Spark is a fast and general cluster computing system for Big Data. It provides high-level APIs in Scala, Java, Python, and R, and an optimized engine that supports general computation graphs for data analysis. It also supports a rich set of higher-level tools including Spark SQL for SQL and DataFrames, MLlib for machine learning, GraphX for graph processing, and Spark Streaming for stream processing.

http://spark.apache.org/

Online Documentation

You can find the latest Spark documentation, including a programming guide, on the project web page and project wiki. This README file only contains basic setup instructions.

Building Spark

Spark is built using Apache Maven. To build Spark and its example programs, run:

build/mvn -DskipTests clean package

(You do not need to do this if you downloaded a pre-built package.) More detailed documentation is available from the project site, at "Building Spark". For developing Spark using an IDE, see Eclipse and IntelliJ.

Interactive Scala Shell

The easiest way to start using Spark is through the Scala shell:

./bin/spark-shell

Try the following command, which should return 1000:

scala> sc.parallelize(1 to 1000).count()

Interactive Python Shell

Alternatively, if you prefer Python, you can use the Python shell:

./bin/pyspark

And run the following command, which should also return 1000:

>>> sc.parallelize(range(1000)).count()

Example Programs

Spark also comes with several sample programs in the examples directory.
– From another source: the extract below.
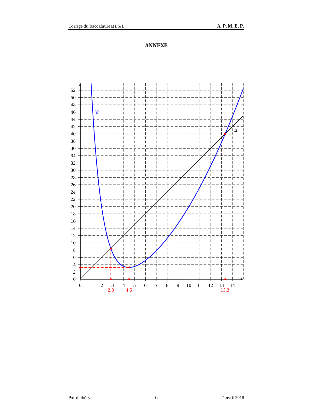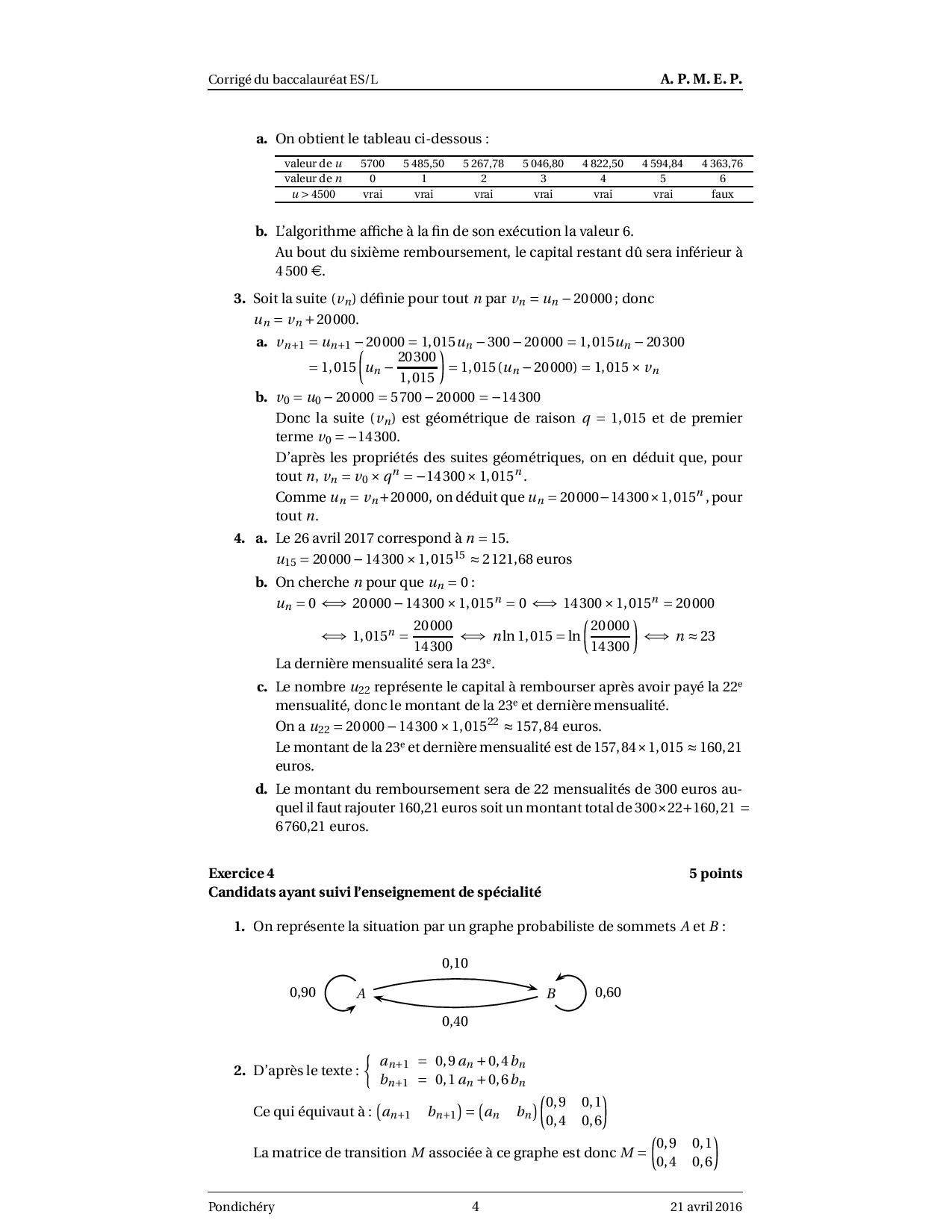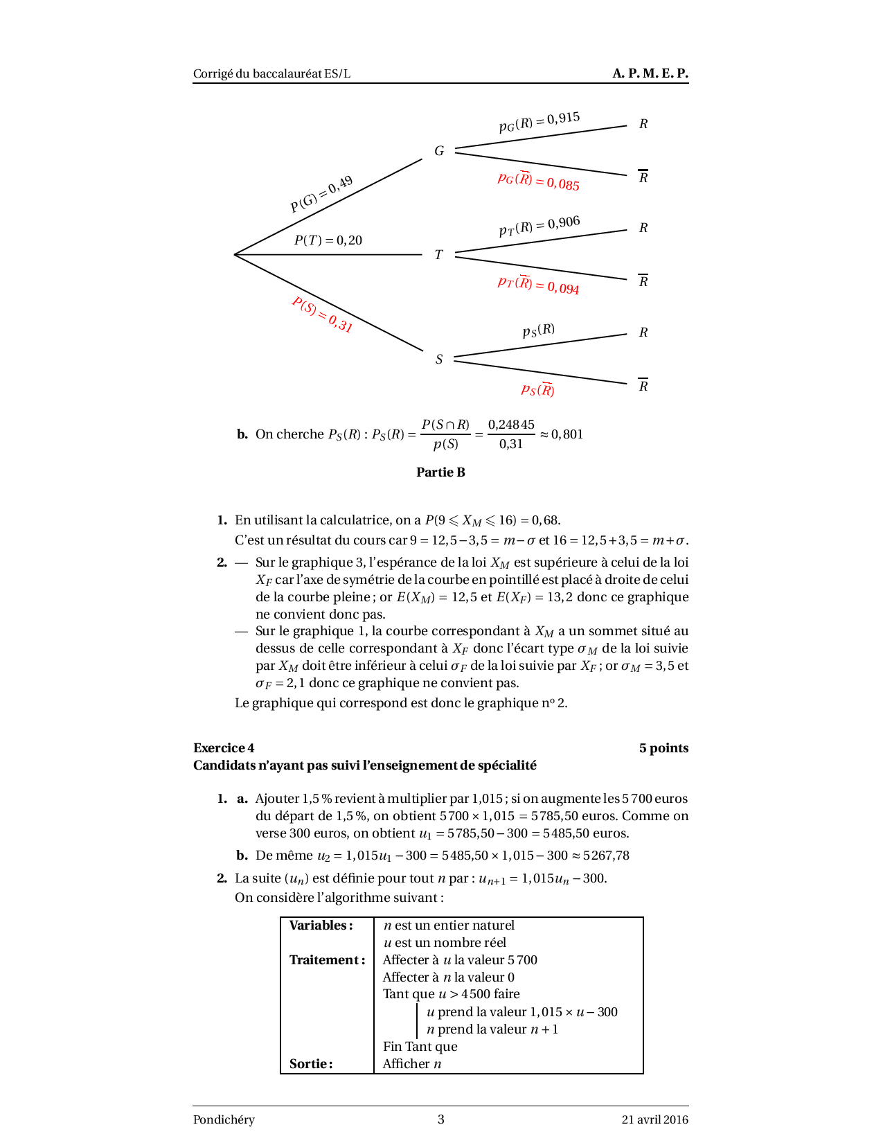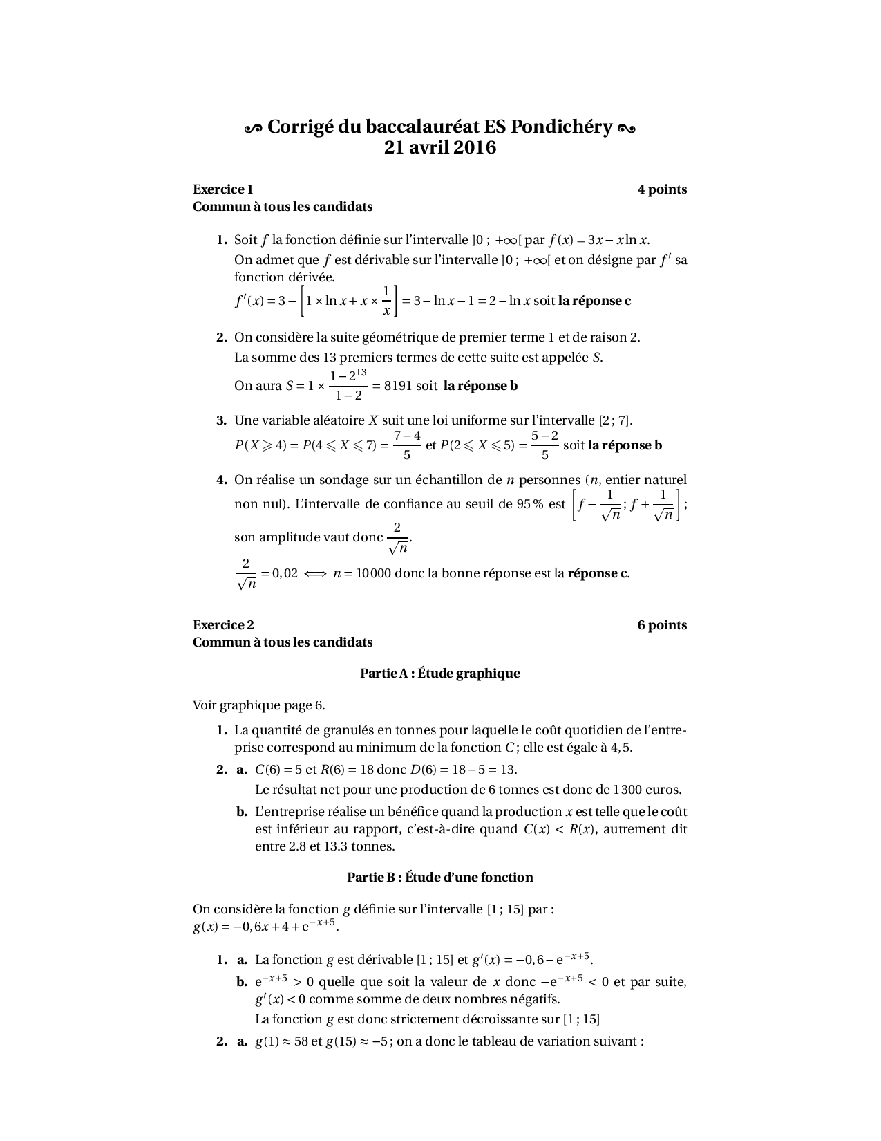 Annale Maths Bac ES-L Pondichéry avril 2016 - Corrigé

To run one of them, use ./bin/run-example <class> [params]. For example:

./bin/run-example SparkPi

will run the Pi example locally.

You can set the MASTER environment variable when running examples to submit examples to a cluster. This can be a mesos:// or spark:// URL, "yarn" to run on YARN, and "local" to run locally with one thread, or "local[N]" to run locally with N threads. You can also use an abbreviated class name if the class is in the examples package. For instance:

MASTER=spark://host:7077 ./bin/run-example SparkPi

Many of the example programs print usage help if no params are given.

Running Tests

Testing first requires building Spark. Once Spark is built, tests can be run using:

./dev/run-tests

Please see the guidance on how to run tests for a module, or individual tests.
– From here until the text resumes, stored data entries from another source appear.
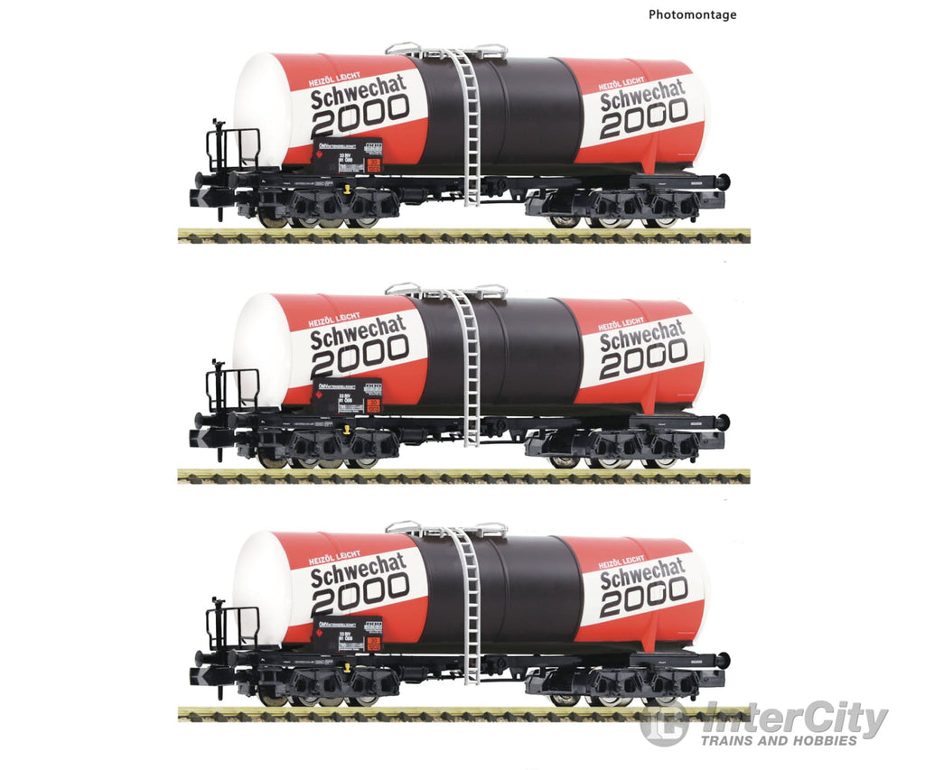 Wagon set with three 4-axle tank wagons of the Österreichischen Mineralöl Vertriebsgesellschaft (ÖMV), operated by the Austrian Federal Railways.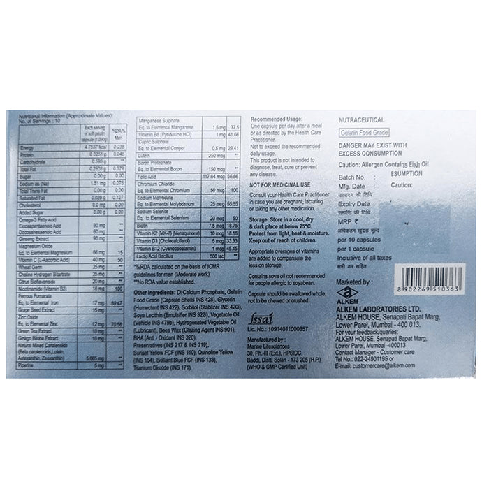 Composition : Green tea extract,Gingko biloba extract,Grape seed extract,Ginseng extract,Managanese sulphate,Folic acid,Vitamin D3,Vitamin B12,Biotin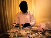 New Yorks DrogenkönigeA masked NYC dealer with a tray of heroin. New York is America?s largest city, a huge distribution hub with an equally large appetite for narcotics.Bild: © 1996–2013 National Geographic Society. All rights reserved.

A Note About Hadoop Versions

Spark uses the Hadoop core library to talk to HDFS and other Hadoop-supported storage systems. Because the protocols have changed in different versions of Hadoop, you must build Spark against the same version that your cluster runs.

Please refer to the build documentation at "Specifying the Hadoop Version" for detailed guidance on building for a particular distribution of Hadoop, including building for particular Hive and Hive Thriftserver distributions.

Configuration

Please refer to the Configuration Guide in the online documentation for an overview on how to configure Spark.